- With two sponsors for yieldco, `we keep each other in check'
- Billionaire Tepper cites conflicts at SunEdison's TerraForm
When First Solar Inc. and SunPower Corp. decided to create a yieldco together in February, the result, 8point3 Energy Partners LP, was unique for having two corporate parents instead of one.
Now that the market for these clean-energy holding companies has tanked, their strategy seems prescient. The reason: Neither parent can dominate the venture, giving 8point3 more independence at a time when investors are expressing concern about conflicts of interest at other yieldcos. On Monday, 8point3 said it’s on track to boost its dividend in 2016 and that every project in its initial 432-megawatt portfolio is generating revenue.
“We keep each other in check,” First Solar Chief Financial Officer Mark Widmar said in an interview Dec. 4. “We knew there was a lot of risk inherent in the existing models.”
A key example of concerns with the existing model is TerraForm Power Inc., a subsidiary of SunEdison Inc. After the parent company restructured the yieldco’s management last month, two of TerraForm’s independent directors quit, saying they couldn’t “protect the interests of the stockholders.”
Investors including billionaire hedge fund manager David Tepper are raising questions about yieldcos’ independence, since their primary function is to buy power plants from a corporate parent.
That relationship between yieldco and sponsor has Tepper concerned. He disclosed Dec. 2 a 9.25 percent stake in TerraForm, and says the company isn’t providing enough details about pending acquisitions from SunEdison.
In a critical letter to the board released the day before his disclosure, he cited “obvious conflicts between the interests” of TerraForm and “its sponsor SunEdison,” and said some of these deals have more benefit to SunEdison than TerraForm.
Tepper said in an interview that he was prompted to write his letter by the resignation notices of the former TerraForm directors, who questioned the yieldco’s independence. Ben Harborne, a spokesman for SunEdison and TerraForm, declined to comment.
TerraForm has lost almost two-thirds of its market value in the past three months through Dec. 4, as investors pull back from the holding companies.
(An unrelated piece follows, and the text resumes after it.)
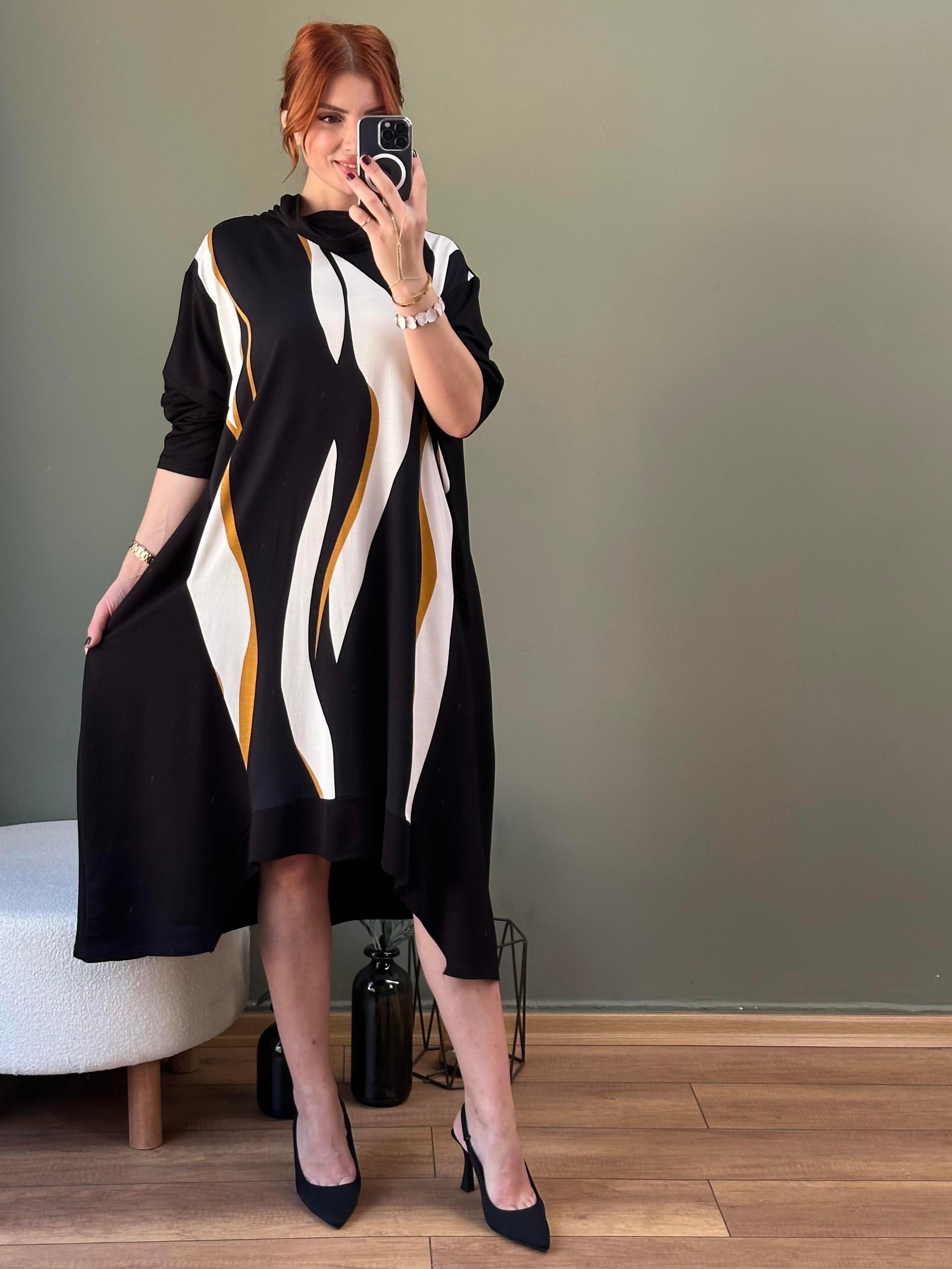 DEGAJE YAKA ASİMETRİK KESİM TUNİK EBRU DESEN (D822)

That’s the most on the Bloomberg Intelligence North America Power Yieldco index of seven companies, and the entire index is down 23 percent over the same period. The 14 percent decline at 8point3 is the smallest for a U.S.-based yieldco. Goldman Sachs Group Inc. analyst Brian Lee upgraded 8point3 to neutral last week.
Under the most common model, yieldcos are publicly traded holding companies that buy power plants, from their parent and from other developers. Those sales give developers capital to build new projects, and the yieldcos get long-term revenue streams from selling electricity.
The risk is that the parent, sometimes known as the sponsor, will influence yieldco management to approve purchases of power plants that don’t make economic or strategic sense.
Mike Garland is aware of the perception that a sponsor and its yieldco may be too closely linked. He’s chief executive officer of Pattern Energy Group LP, a closely held developer, and holds the same title at its publicly traded yieldco Pattern Energy Group Inc.
"Conflicts are real,” Garland said during a panel discussion Dec. 3 at the Renewable Energy Yieldco Conference in New York. “They’re a real problem.”
Pattern buys assets from its sponsor and other companies. Garland said in an interview that yieldcos are typically purchasing projects at about 11 to 13 times cash flow these days, and his holding company is making deals with its developer parent at about 10 times cash flow, in part to demonstrate value to shareholders.
Other yieldco investors share Tepper’s concerns about TerraForm’s independence.
“The oversight is gone,” Tom Konrad, head of research for JPS Global Investments LLC’s Green Economy Fund, said in an interview at the yieldco conference.
Similar concerns over conflicts have dogged master-limited partnerships, a similar type of holding company that’s common in the oil and natural gas industry. In August, Kinder Morgan Inc. agreed to pay $27.5 million to resolve claims it had artificially inflated more than $3.2 billion in payouts from pipeline partnership Kinder Morgan Energy Partners LP.
FirstSolar and SunPowerwere touting the advantages of having two sponsors before 8point3’s initial public offering in June.
“We felt it was a superior governing structure because you have an extra layer of protection, you have an objective buyer,” said 8Point3 CEO Chuck Boynton, who’s also SunPower’s CFO. “We discussed all this on the roadshow.”
Having two sponsors has another benefit over single-parent yieldcos, said Swami Venkataraman, a vice president at Moody’s Corp. in New York.
“You have better access to projects and pipelines than if you’re just dependent on one sponsor,” Venkataraman said in an interview. “Having two fifty-fifty investors makes it stronger.”